Chord recognition in symbolic music
(c) Ed Earl 2019; all rights reserved.
(c) Ed Earl 2019; all rights reserved.
This post describes an attempt to address the problem of recognizing chords in symbolic music. The aim is to develop an offline program for labelling each timestep of a MIDI file with a single chord from a simple dictionary of chord labels. No prior information about the location of chord changes in the music is assumed.
Harmonic analyses of fifty songs from "A Corpus Study of Rock Music" (http://rockcorpus.midside.com) are used as ground truth data. The harmonic analyses are carefully aligned with MIDI transcriptions of the songs (a laborious process).
Firstly, timesteps are identified at which simple chords (triads and the most common sevenths) are fully voiced, with no other notes sounding. I assume that at such timesteps, the correct label must be a chord consisting of the sounding notes, plus possibly some others. For example, at a timestep with only a D, F and A sounding, acceptable chord labels would include D minor (D F A) or B flat major seventh (B flat D F A), but not E major. To “seed” the list of chord labels, the simplest matching label for each such timestep is extended until the next such timestep, and the first label is extended backwards to the start of the song.
Next, the algorithm attempts to relabel blocks of chords by repeatedly iterating backwards from the end of the song to the start, with an inner loop trying each possible block length at the target timestep, evaluating each possible block relabelling against a set of constraints. The algorithm’s overall stopping criterion is a failure to improve with reference to a set of related constraints within a certain number of iterations.
For each block, possible chord labels are eliminated until either one label remains, in which case the block is relabelled, or no labels remain, in which case the block is not relabelled. The process used to eliminate candidate chord labels uses the following constraints.
This approach frames chord recognition as a classification problem. A function is defined to calculate amplitude for a given pitch class at a given timestep, using a decay function to model decaying amplitude for sustained notes.
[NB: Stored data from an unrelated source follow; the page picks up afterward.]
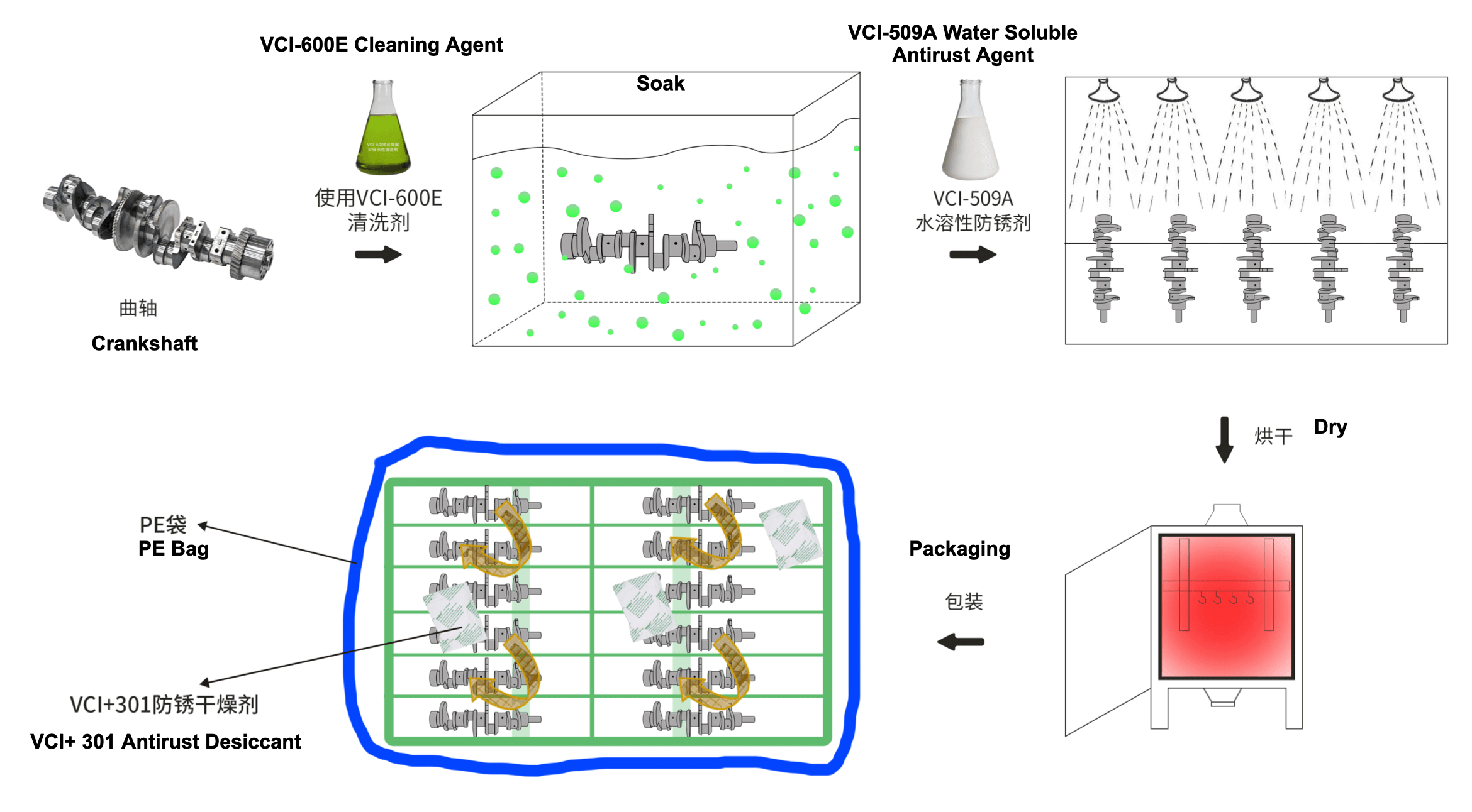 4. Mettez les déshydratants antirouille VCI-301 dans des sacs PE de vilebrequin.
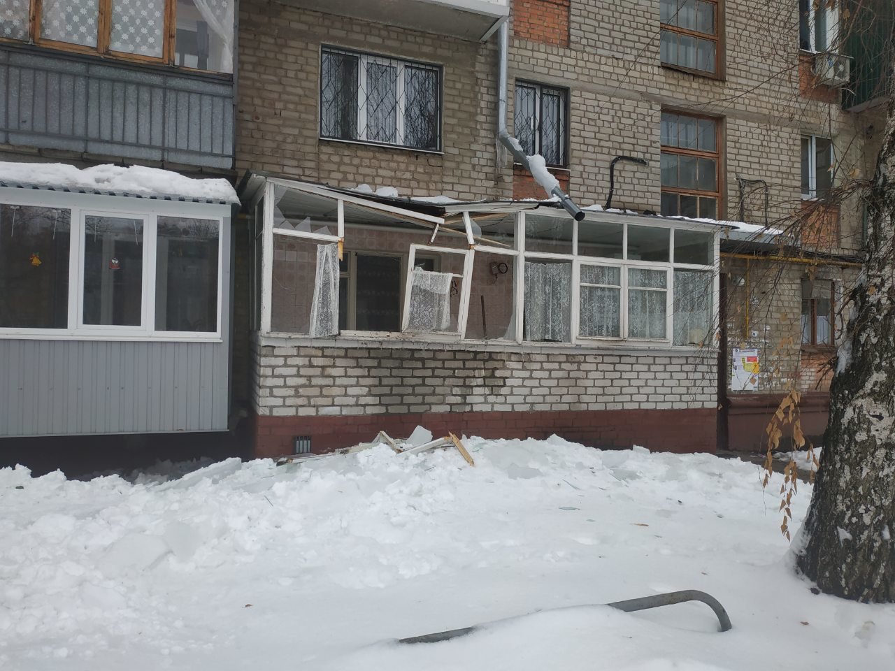 Когда бабушка была дома, с крыши пятого этажа обрушилась глыба льда, которая разнесла балкон пенсионерки 057.ua »
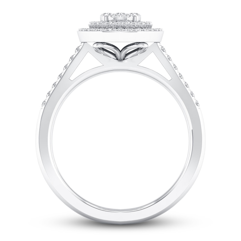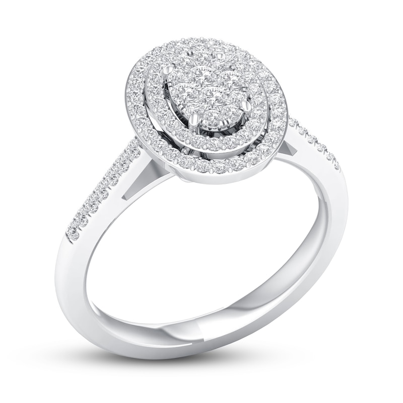 Brilliant round diamonds sparkle throughout this engagement ring's oval design. The center diamonds are haloed by two rows of round diamonds, and additional round diamonds flank down each side of the band. The 10K white gold ring has a total diamond weight of 3/8 carat. From the Now & Forever® bridal collection.
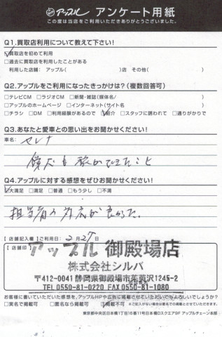 お車のご相談・ 査定だけでもOK! カンタン 入力 30秒 アップルがブランド買取始めました! お電話でも受付中! 受付時間10:00 ~ 18:00 0120-81-3776 お車のご相談・ 査定だけでもOK! カンタン 入力 30秒 アップルがブランド買取始めました! お電話でも受付中! 受付時間10:00 ~ 18:00 0120-81-3776 アップルがブランド買取始めました! お電話でも受付中! 受付時間10:00 ~ 18:00 0120-81-3776 店舗情報 在庫車 スタッフ紹介 ブログ お客様の声 キャンペーン 無料査定 click お客様の声 ご記入日: 2017/02/27 セレナ買取M.A様 ・あなたと愛車との思い出をお聞かせくださいセレナ・・愛犬も旅が出来たこと・アップルに頂きました感想・・大満足担当者の対応がよかった担当 渋川 前へ 次へ お客様の声一覧を見る
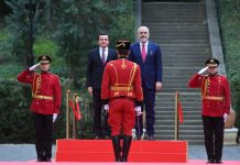 Kryeministri i Shqipërisë Edi Rama ka prit sot me ceremoni shtetërore të parin e Qeverisë së Kosovës, Albin Kurti.
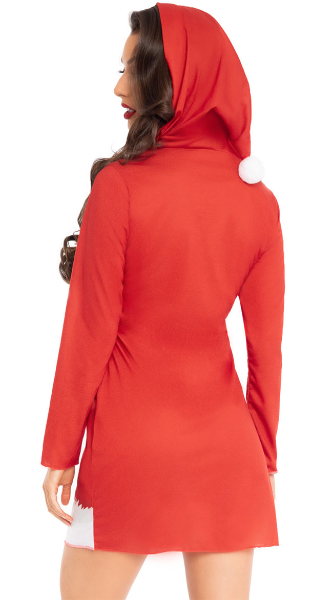 Give Father Christmas a glam touch in this flirty Santa T-Shirt Dress costume featuring a red dress with a V-neckline, long sleeves, a white front panel with printed fur trim detail, a printed sparkle belt waist, a printed faux fur trim hemline, and an oversized hood with a pom-pom accent.
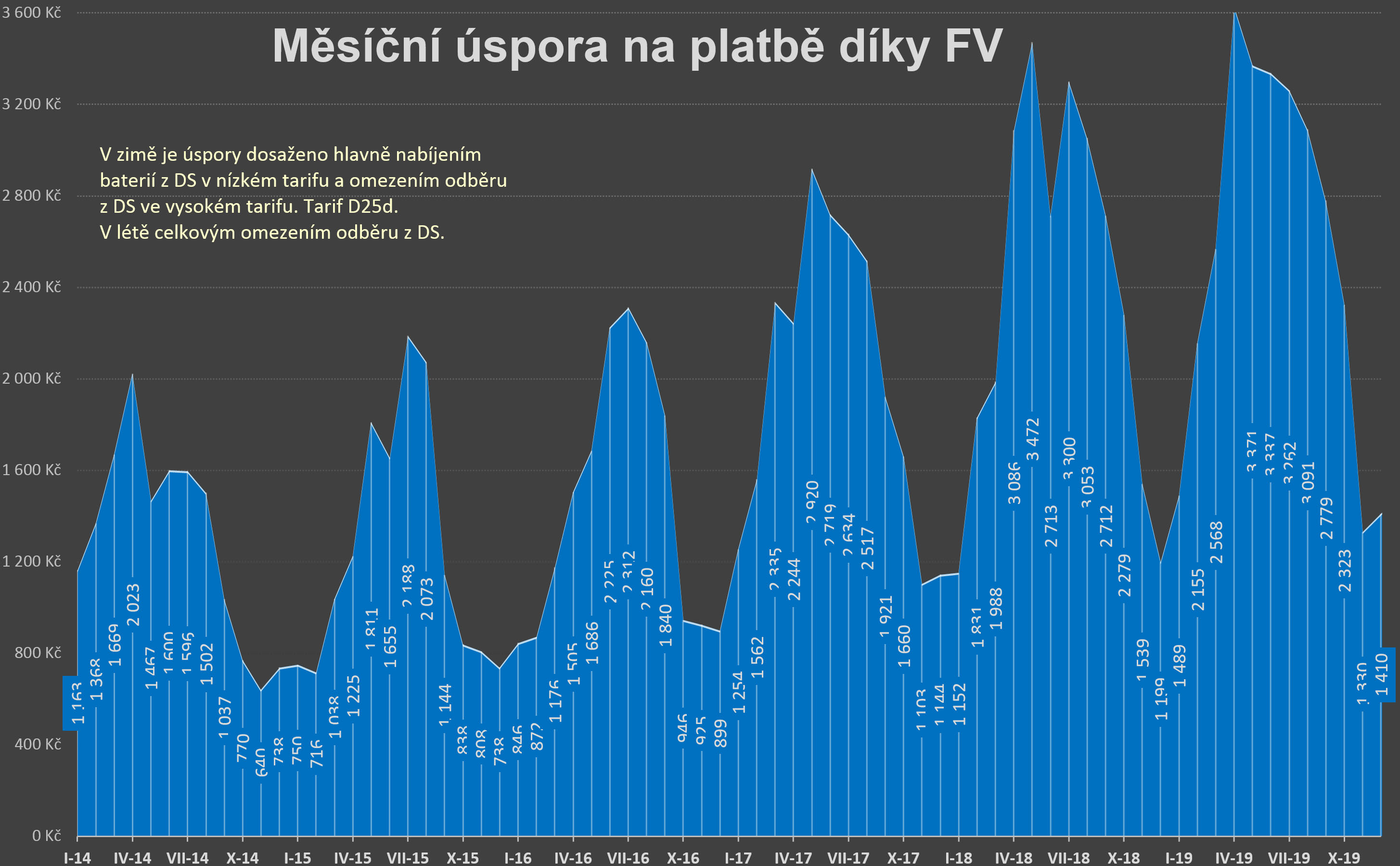 Podívej se, jak to pro daný tarif s přeléváním NT-VT vypadá u mě https://forum.mypower.cz/download/file.p ... &mode=view. Bez přelévání by komponenty elektrárny 3 měsíce lenošily (a i tak stárly - hlavně baterie), takto nesou alespoň něco a návratnost bude snad o něco rychlejší. A ta ztráta je užitečné teplo ohřívající barák jako přímotopy.rokytna píše:Rád bych prodiskutoval výhodnost systému, kdy je baterie (zde bude US3000, ale řekněme obecně) nabíjena jen z NT (tarif D25d), a pak využívána v době VT.
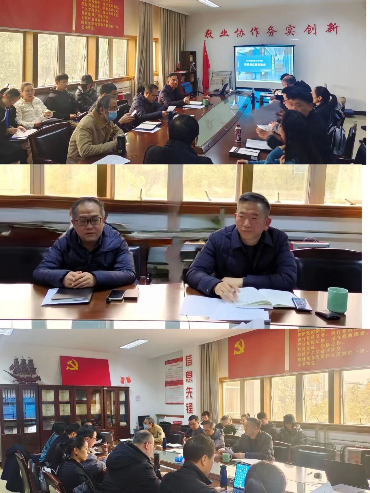 听完汇报后,副院长张登辉对在座特设岗教师所做的工作表示感谢,希望大家在各自岗位能上点、面结合,坚持政治引领,统筹协调,凝心铸魂,合力推动学院整体工作。王章权书记对特设岗教师的务实重干,团队的齐心协力,工作氛围的温馨健康,2022年所取得的成绩给予了肯定。他表示,这样的交流形式既有利于自身工作的总结反思,又有利于学院中层骨干间的了解、理解与学习促进,学院将结合考核、分配制度的优化与改革创新推动需要,将此成为常态化的学习活动之一,并结合总结交流内容与特设岗职责要求提出四方面要求:一是加强统筹。要认真学习研究学校、学院工作重点与年度考核指标要求,结合基层组织实际研究并确定工作重点目标,理清工作思路与途径;二是加强研究。既要做好个人研究,在教学、科研、育人、社会服务等方面发挥积极的作用并取得一定的成果,成为能够得到团队认可并引领发展的研究型教师,也要加强在如何开展基层组织管理的思考与研究,提升组织力;三是加强组织。要进一步根据学院发展需要与目标,结合基层成员实际,围绕目标建立常态机制,开展有组织的研究,提升基层组织的凝聚力、战斗力;四是加强总结。要善于对思想和工作进行梳理总结,反思不足和问题,修正工作路径与方法,形成正向工作闭环。
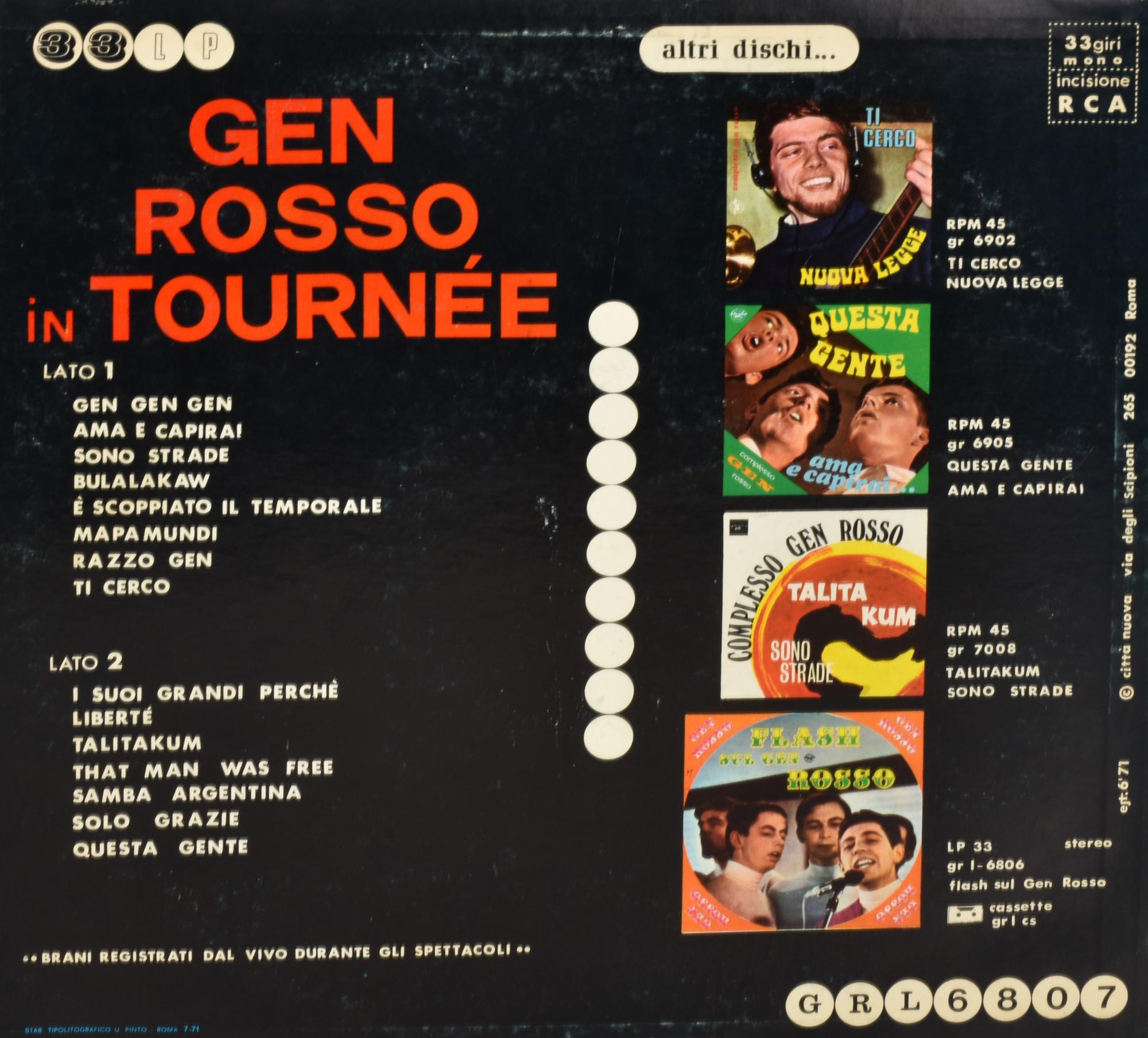 Gen Rosso GEN ROSSO, IN TOURNEE LP 33 giri, stampato da RCA e distribuito da...

The following features are then computed for each timestep.
The complete set of features used as input to the classifier for each timestep consists of the above features computed for twenty past and twenty future timesteps, plus features for the amplitude of each pitch class at the target timestep (computed using a variety of parameters). The class label at each timestep is the chord label.
The training set consists of forty songs. Each song is transposed to each of the twelve pitch classes, then features and labels are computed. A random forest classifier is trained. Its accuracy is tested against a set of ten songs which were not used for training (and are not transposed before testing). The final accuracy figure is 69.7%.
The harmonic analyses used as ground truth (again, "A Corpus Study of Rock Music", http://rockcorpus.midside.com) contain alternative analyses for several songs, evidence that chord perception is not unambiguous for expert human listeners. However, this does not seem to account for the classification failures in the algorithms’ output. Chord labels are often clearly inappropriate. The algorithms will often produce a bad chord label for several notes after a chord change, sometimes then changing again to the correct chord label. This is especially interesting given that the hand-written approach specifically penalizes greater numbers of chord changes. Apparently the evidence for the “bad” chord label is strong enough during the first few notes to justify an extra chord change.
Human listeners are often able to agree on an unambiguous chord change on as little as a solo bass note, when taking all musical factors into account. Although the descriptions in the sections above omit a great deal of experimentation with computed features, techniques and classifier types, several factors which seem musically significant have not yet been modelled, and might be explored.
Beat, pulse and groove provide important clues to the location of chord changes, which tend to happen in regular places within a particular piece of music. The start of a bar is common, but if the groove is syncopated, chord changes may occur a quaver or semiquaver before the start of a bar. (In printed music, chords are nevertheless often notated at bar lines in this situation; the harmonic analyses used as ground truth for this study follow this practice.)
Repetition is important (particularly in rock music, but also in other genres). Figures and sections repeated from earlier in the music are an important clue that the chord is also the same. Exact repetition is rare, however; small variations are found everywhere, and repeating a figure of notes against different chords is also a common device.
Larger structure is also significant. Cues such as dynamics and arrangement signpost the way to section changes, bringing the expectation of harmonic development - new chords.
Formulaic cadences and chord progressions are particularly common in rock music, but are also important in other genres. However, as with other elements of music, composers’ chord choices exploit both familiarity and surprise to create interest. Listeners’ expectations are an essential part of the process.
I’m surprised that although chord recognition in audio receives research attention, relatively little research seems to be done on chord recognition in symbolic music. It seems to be fairly difficult to achieve high accuracy, even though the data set I used is rock music, which is commonly believed to be harmonically basic, formulaic and easy to grasp.
A much larger set of data, consisting of music transcriptions in a symbolic format such as MIDI, with chord labels for each timestep, would be of great benefit.